Opinion

How big is your buffer

Should determining stream buffers be as difficult as rocket science? That’s what the county commissioners are making it out to be with their recent decision as part of the on-going revision of the Critical Areas Ordinance.

Instead of creating a boilerplate covering all streams, rivers, trickles and other various minor waterways — salmon-bearing or not — the commissioners have created three levels of buffers, all which are meant to protect the viability of surface waters by maintaining natural vegetation.

The largest creeks — Big Beef, Blackjack, Burley, Chico and Curley, along with the Tahuya and Union rivers — are stuck with 200-foot buffers along their lower sections. This is twice as wide as the 100-foot buffers called for by the Kitsap County Planning Commission, a pro-growth slanted advisory group, and 50-feet more than what the Department of Community Development said would work.

Why 200 feet? That’s what the county put in place seven years ago and the commissioners live in fear of the tribunal powers of the Central Puget Sound Growth Management Hearings Board if they change it.

But why is Chico Creek stuck with a jumbo buffer? Its lower reaches have been straightened out, tweaked, bridged, blocked and corrupted as landowners (including the state) saw fit over the years. Very few spots are applicable to a 200-foot wide buffer. The creation of SR 3 put a culvert in the creek’s path. Does that mean the state has to reroute the highway since it clearly violates the buffer rule?

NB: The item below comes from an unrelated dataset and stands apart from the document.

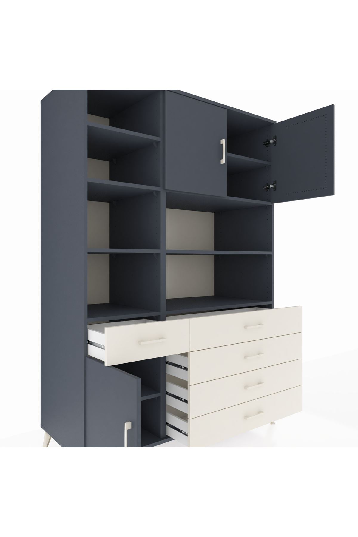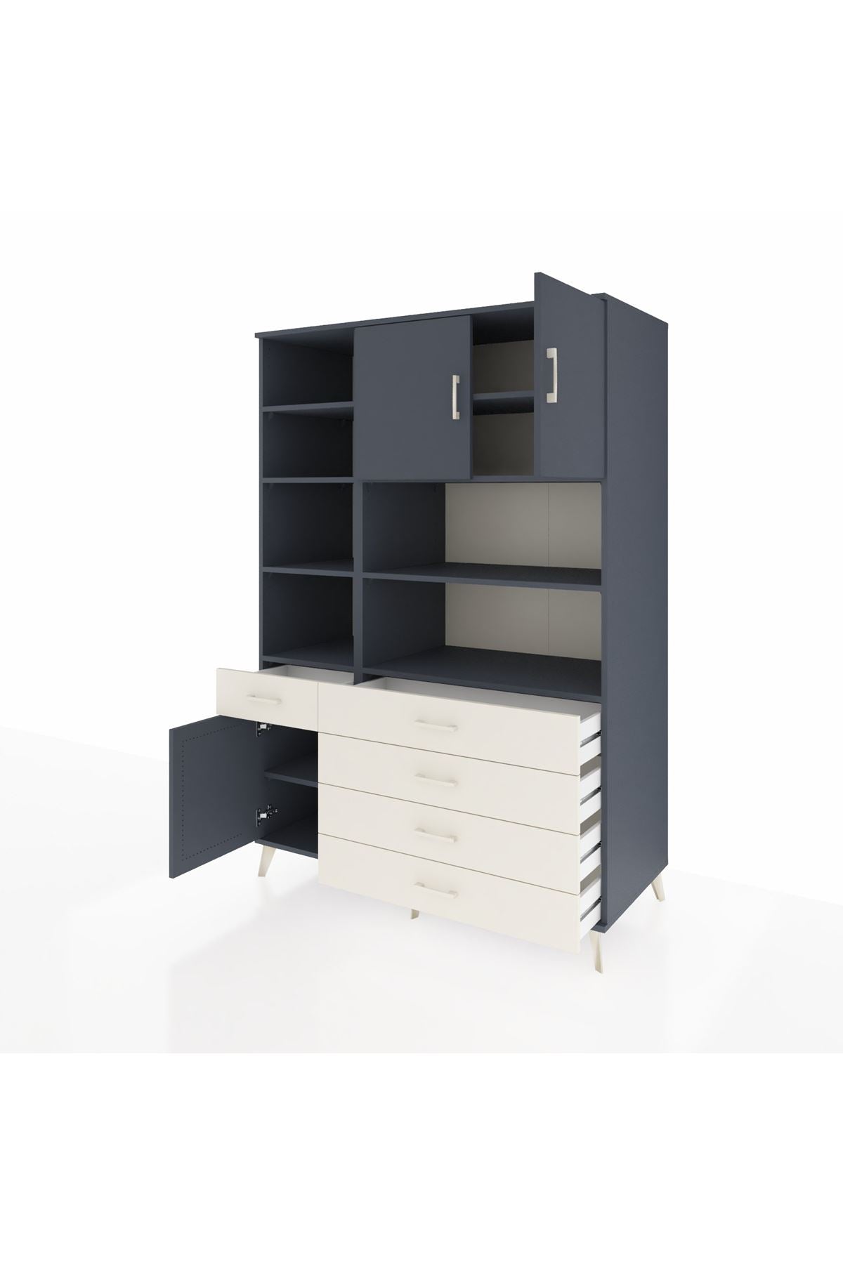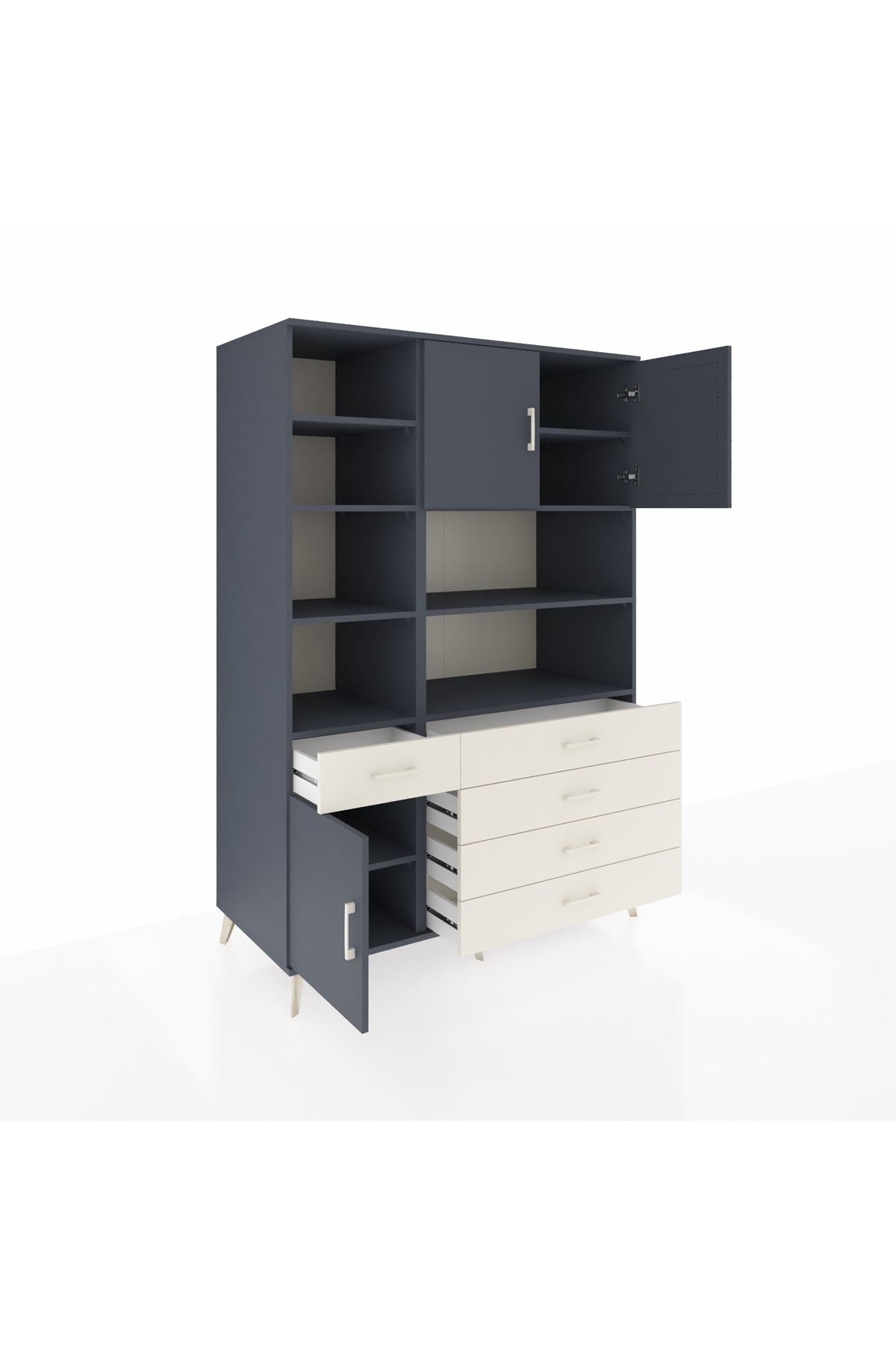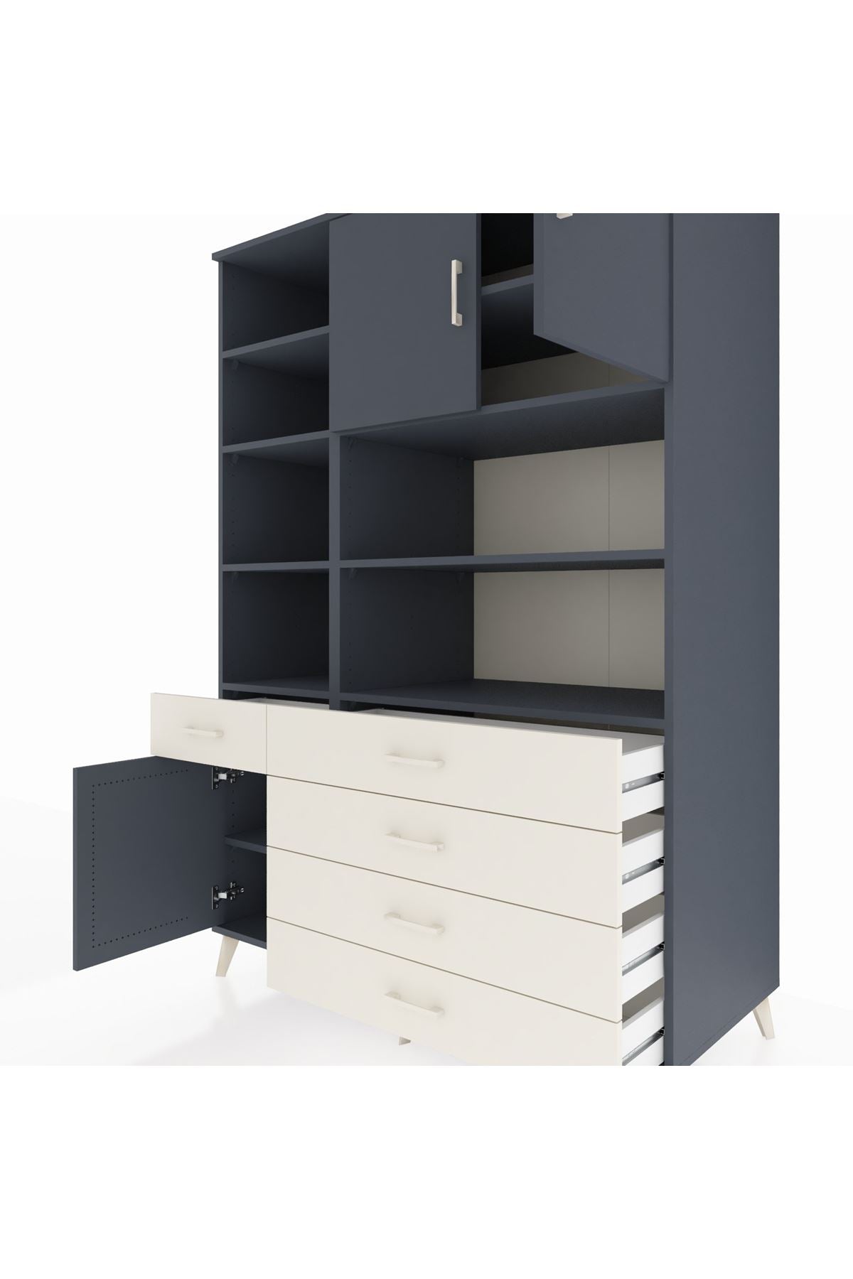 Tam 9 rafı, 5 geniş çekmecesi ve 3 sağlam kapağıyla evinizdeki her alanda ihtiyaçlarınıza kusursuz uyum sağlar

And in spite of all these changes, life on Chico Creek for salmon species has continued to flourish in recent years as many groups, such as the Great Peninsula Conservancy, have realized that improvements are best done in saving more pristine parts of the watershed through land acquisition. The CAO only looks at land issues in regard to saving salmon runs. It fails to take into account the things that happen out in the open water — transient orcas, declining herring runs, growing sea lion populations, pollution, non-native species, overfishing — which don’t care if there is 100 feet of native species along the stream borders or 1,000. The “Best Available” science doesn’t solve these problems, so it does little to improve the salmon runs.

And who is going to pay for these buffers? The county? The state? The Central Puget Sound Growth Management Hearings Board? Landowners? That question hasn’t been answered either.

Yet we have buffers saddled with bureaucracy, no funding and little solution to improving salmon runs all pointing to the fact that the state Growth Management Act has gone from protecting land to hampering the lifestyle we all hold dear.